EMERGENCY FORAGE PLANTINGS

 

Paul Peterson*,

Marcia Endres, Doug Holen, Craig Sheaffer, Vince Crary,

Doug Swanson, Joshua Larson, and Jim Halgerson

University of Minnesota

 

Perennial forage crops are the foundation of ruminant livestock feeding programs in the North Central USA.  Unfortunately, because of the harshness of the region’s climate, perennial forage crops, and particularly alfalfa, occasionally winterkill, leaving the producer faced with an immediate loss in supply of high quality forage. 

 

This is a reality we may face this winter (2002-2003) as many alfalfa fields in Minnesota were water-saturated going into winter, and we’ve had essentially no snow cover combined with some very cold temperatures thusfar.  Concerns about autotoxicity limit the producer’s ability to replant alfalfa in winterkilled alfalfa fields.  And even if the producer risks attempting to re-seed alfalfa after alfalfa, seeding year productivity always falls far short of an established stand’s productivity.

 

In other years, excess spring moisture does not allow producers to seed perennial forages during the window of time that typically ensures the greatest likelihood of establishment success.

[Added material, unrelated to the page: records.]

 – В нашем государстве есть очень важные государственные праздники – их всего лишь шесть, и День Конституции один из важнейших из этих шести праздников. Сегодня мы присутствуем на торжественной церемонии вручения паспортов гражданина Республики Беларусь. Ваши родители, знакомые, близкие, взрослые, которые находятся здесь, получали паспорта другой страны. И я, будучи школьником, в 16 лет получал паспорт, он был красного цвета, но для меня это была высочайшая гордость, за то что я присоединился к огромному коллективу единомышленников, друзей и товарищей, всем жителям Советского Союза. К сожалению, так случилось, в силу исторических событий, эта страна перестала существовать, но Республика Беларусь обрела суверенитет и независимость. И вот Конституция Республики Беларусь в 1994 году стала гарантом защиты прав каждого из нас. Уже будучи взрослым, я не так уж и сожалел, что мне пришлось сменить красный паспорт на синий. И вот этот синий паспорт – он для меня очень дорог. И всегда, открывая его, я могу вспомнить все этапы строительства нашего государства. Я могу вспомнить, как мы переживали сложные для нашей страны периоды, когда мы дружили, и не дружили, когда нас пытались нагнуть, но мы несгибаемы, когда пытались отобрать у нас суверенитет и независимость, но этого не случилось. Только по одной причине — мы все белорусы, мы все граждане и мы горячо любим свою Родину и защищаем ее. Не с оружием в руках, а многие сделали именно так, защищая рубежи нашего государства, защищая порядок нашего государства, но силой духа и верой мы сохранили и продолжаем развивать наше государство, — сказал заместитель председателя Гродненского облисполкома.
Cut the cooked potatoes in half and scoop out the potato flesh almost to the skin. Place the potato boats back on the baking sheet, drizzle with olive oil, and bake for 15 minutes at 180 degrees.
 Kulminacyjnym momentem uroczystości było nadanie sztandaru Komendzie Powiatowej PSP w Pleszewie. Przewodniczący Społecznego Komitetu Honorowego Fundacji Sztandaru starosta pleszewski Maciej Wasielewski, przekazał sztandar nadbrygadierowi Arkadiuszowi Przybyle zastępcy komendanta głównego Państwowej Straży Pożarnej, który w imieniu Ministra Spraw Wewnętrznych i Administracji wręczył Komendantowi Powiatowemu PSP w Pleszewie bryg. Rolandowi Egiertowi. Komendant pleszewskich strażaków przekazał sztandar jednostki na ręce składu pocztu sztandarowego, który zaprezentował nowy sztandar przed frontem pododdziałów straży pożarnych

The producer is thus faced with a forage supply shortage and will generally need to plant an annual forage crop to fill the gap.

 

The 2001 growing season in Minnesota provided a prime example of the latter situation, and many producers were seeking information on what to plant for emergency forage in June and even July.  While some information exists on yield and feeding value of various annual crop alternatives, there is no comprehensive comparative information, particularly at the late planting dates.  Proper selection and management of the emergency forage can be a key to the farm’s short- and long-term profitability and sustainability. 

 

Emergency Forage Trial in Minnesota – Preliminary 2002 Results

 

In 2002, we conducted an emergency forage trial at two locations in Minnesota: one on a dairy farm near Pelican Rapids, MN (Ottertail County, west central MN), and the other at the University of Minnesota’s UMore Park in Rosemount, MN (Dakota County, near the Twin Cities).  The Ottertail County farm location was used to represent northern Minnesota, and the Dakota County research station represents southern Minnesota.  Alfalfa plus 16 different annual crops with forage potential were seeded in replicated plots at each location in spring/summer 2002, and they will be planted again in 2003.  The trial will also be planted in Wisconsin and Michigan in 2003.  The crop species are listed in Tables 1 and 2.

 

Replicated plots were seeded at both locations.  Three planting dates were evaluated.  The early, mid, and late seeding dates at Rosemount were May 15, June 10, and June 28, respectively.  Corresponding planting dates at Pelican Rapids were May 21, June 17, and July 3.  Corn and brown midrib (BMR) forage sorghum plots were seeded 1-1.5 inches deep in four 30” rows with a single row planter at Pelican Rapids and with a 4-row corn planter at Rosemount.  All other entries were seeded in ten 6” rows to a ¼ to 1” depth depending on seed size.  Plots including legumes were inoculated with the proper Rhizobium species.  Fertility was not limiting at either location.  Dairy manure was incorporated prior to planting at Pelican Rapids so soil test P and K levels were very high.  P and K levels at Rosemount were high.  All warm-season grasses (corn, BMR sorghum, sudan, millets) received 75 lb N/ac within 10 days after planting, and those grass entries with multiple harvests received an additional 50 lb N/ac after each cutting (except the final cutting).  Thus, entries with 3 harvests received 175 lb N/ac during the season.

 

All corn and forage sorghum plots were harvested by cutting the center two rows of each four-row plot to a 6” stubble.  The remaining entries were harvested with a flail harvester at Rosemount, and with a sickle harvester at Pelican Rapids.  Stubble height for sudangrass, sorghum x sudan, pearl millet, and Japanese millet was 6” to encourage regrowth, with the last harvest at 3”.  All other entries were cut to a 3” stubble.  In general, harvest timing was scheduled to optimize yield and quality.  The exception was the final harvest of multi-cut warm-season grasses, which were allowed to mature until temperatures were too cool for continued growth in September.  Thus, mid-season harvests of these entries were at vegetative stages, but their final harvest was often at a reproductive (heading) stage.  Based on previous research on regrowth potential after harvesting, sudangrass, sorghum x sudan, hybrid pearl millet, and Japanese millet were scheduled for multiple harvests; and the foxtail millets were scheduled for just one harvest at boot stage.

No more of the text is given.